== Information shown ==
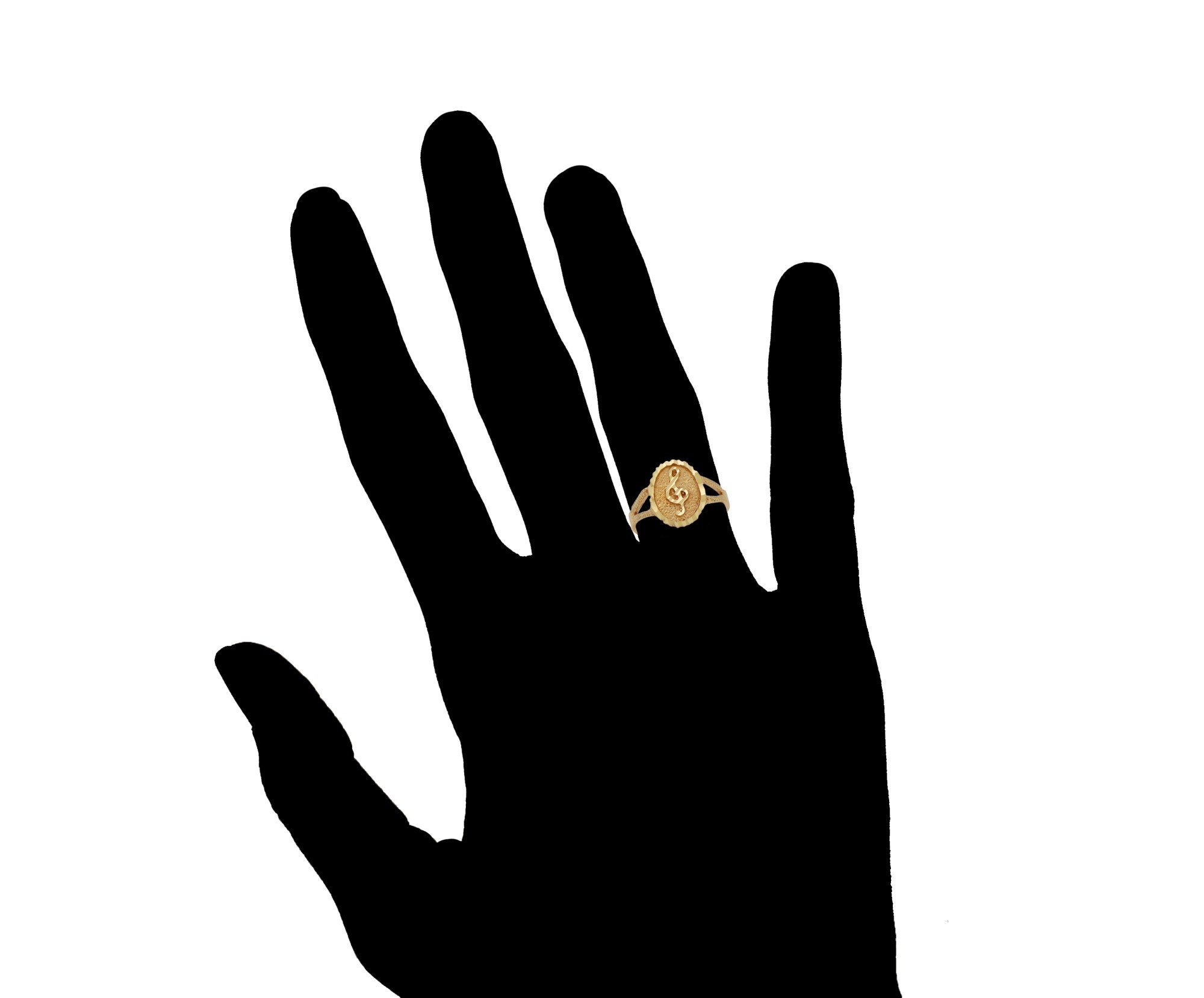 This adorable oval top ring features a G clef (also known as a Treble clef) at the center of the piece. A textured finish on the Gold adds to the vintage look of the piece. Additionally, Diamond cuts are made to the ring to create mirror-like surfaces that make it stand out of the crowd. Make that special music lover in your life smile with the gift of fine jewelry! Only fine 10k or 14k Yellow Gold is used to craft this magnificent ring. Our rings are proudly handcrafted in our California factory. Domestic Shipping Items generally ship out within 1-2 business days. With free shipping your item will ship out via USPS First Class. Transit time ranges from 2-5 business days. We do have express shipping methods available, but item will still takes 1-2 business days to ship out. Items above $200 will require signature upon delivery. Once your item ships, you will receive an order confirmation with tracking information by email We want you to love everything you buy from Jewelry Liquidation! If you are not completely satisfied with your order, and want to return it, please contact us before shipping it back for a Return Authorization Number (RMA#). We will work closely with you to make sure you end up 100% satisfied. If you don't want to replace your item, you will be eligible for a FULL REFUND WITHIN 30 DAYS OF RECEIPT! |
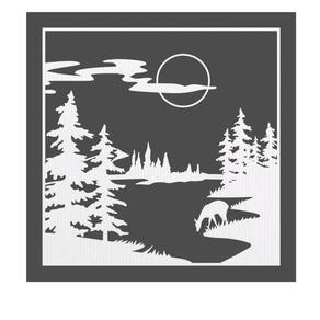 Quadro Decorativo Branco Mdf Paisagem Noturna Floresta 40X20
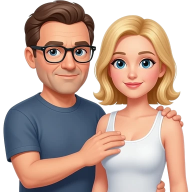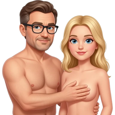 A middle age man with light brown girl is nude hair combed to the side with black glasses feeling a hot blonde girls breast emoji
===
Requirement: Only the lines from the one with "Quadro Decorativo Branco" to the end of the listing, both ends included, should be retyped exactly; no pictures belong in the copy.

Written response:
 Quadro Decorativo Branco Mdf Paisagem Noturna Floresta 40X20
 A middle age man with light brown girl is nude hair combed to the side with black glasses feeling a hot blonde girls breast emoji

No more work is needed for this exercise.